Love the Way You Kiss Me (Love The Way Duet 1)
Page 14
The mention of Cade and the fact they were talking about me last night makes my throat go dry.
Nodding, I answer, “Kam says it’s good for my image and I love it, so …” With a familiar hollow sensation filling my chest, I take the bowl to the sink and pretend I’m all right. It’s back to real life and no longer getting lost in the handsome stranger seated so close I can inhale his masculine scent. It’s something woodsy yet fresh. Like a forest that rises above the coldest depths of the ocean.
The thoughts leave me without conscious consent as I say, “It’s incredible the things people do. All they ask for is a platform, a chance. I’m grateful I can give them that.”
“So you do charity? That’s your … thing?” I don’t miss how his gaze sweeps over the expansive kitchen and past that to the sitting room.
“I don’t make money from it, if that’s what you’re thinking.” My brow knits and I question, “You haven’t read the file.”
“You know what’s in there?”
I answer without hesitation, “Of course I do. Kam makes sure I approve it all.”
Shock lights his hazel eyes, brightening them but he doesn’t say a word.
Curiosity eats away at me until I ask him, “What do you know about me?” The suspense heats every inch of my body as I wait for an answer.
“Only what I’ve seen in the courtroom and at the briefing yesterday,” he admits.

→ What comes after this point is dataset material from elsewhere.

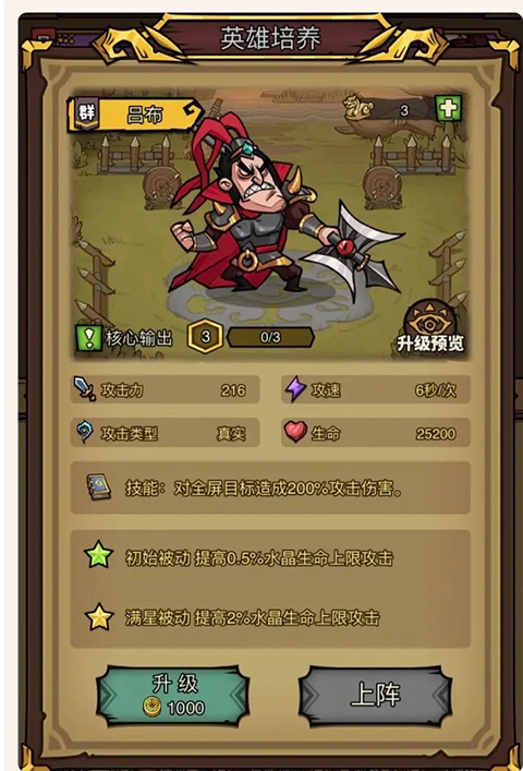 ①从吕布的属性分析:6秒/次的攻击频次明显发挥不了作用,那么我们需要从攻速上下功夫,为此选择搭配吴国组合。

“And what Cade told you last night,” I point out. I don’t know why I feel so at ease knowing he doesn’t know. I shouldn’t feel relief, but I do.
“Yes, and that.”
Something compels me to tease him as I make my way to the hot water spout, in desperate need of morning tea. “So you don’t read the file and instead flirt with me in my kitchen in the early hours before anyone else is awake … None of this sounds like conflict of interest at all to me.”
The very moment I begin to second-guess myself, I feel his dominating presence behind me and when I turn to face him, I’m disappointed he wasn’t there caging me in. Instead he stands two feet too far from me, tossing away his trash. A sharp tension snaps between us as the implications of what I’ve said hit me. The front door creaks open, alerting us to someone else’s presence and Zander ends the conversation succinctly by saying, “So many interests. So many conflicts.”
Zander
Twenty-four-hour care is the standard for each client contracted with The Firm. A partner will be on the premises at all times, with additional detail on standby within a thirty-minute radius of the property. If at any time more security is required, it will be addressed immediately and without hesitation.
The door of the rented room sticks on my way in. Its resistance in the new autumn sunlight, slanting down the motel wall, echoes what I felt leaving Ella’s house twenty minutes ago. There’s a magnetic pull to her I can’t fathom. She’s a beautiful distraction who’s mesmerized me. I could’ve listened to her talk all day, or even longer, about virtually nothing. It was as if a door had cracked open, letting in a little light. Her eyes hadn’t seemed so haunted. Guarded, yes. Cautious—especially when Cade was mentioned.
This may be a different kind of case, but her reaction isn’t unlike other clients. My reaction, though … is certainly unusual. It’s typical for our clients to react that way—relaxing a bit, once the initial awkwardness dissipates. Although I hardly interact with the clients. That’s Cade’s job. It’s rare that I’m required to be social, and more than likely for the best. I’m a bodyguard, plain and simple. What makes our company, and our talents above the competition, is the attention to detail. The monitoring, the research. Knowing who the threat is and more importantly why. What motivated the need to call us. Emotions don’t factor into it nearly as much as simply knowing people.
When it comes to Ella, though … The first day has certainly been different from all the others.
My gaze drops as I toss the keys down on the barren dresser that doubles as a TV stand. It must’ve been a bit of a relief, sleeping in her own house with us to watch out for her.
I wouldn’t know much about that. I’ve been alone for a long time now.
Inside the room, I close the door and lock the dead bolt. Cade secured a row of rooms in a mom-and-pop motel on the edge of the city. It’s cheap but homey. Well cared for. You can tell the owners take pride in the place. My room has a queen-size bed with stark white, fresh bedding. A table and two chairs sit by the front window, the table decorated with a few stems of some pink flower in a vase. Fresh flowers, not fake. It’s a nice touch, but the feminine flair is lost on me. They’ve repainted recently, because the new paint smell still lingers. I fall into one of those chairs and kick my shoes off, one at a time.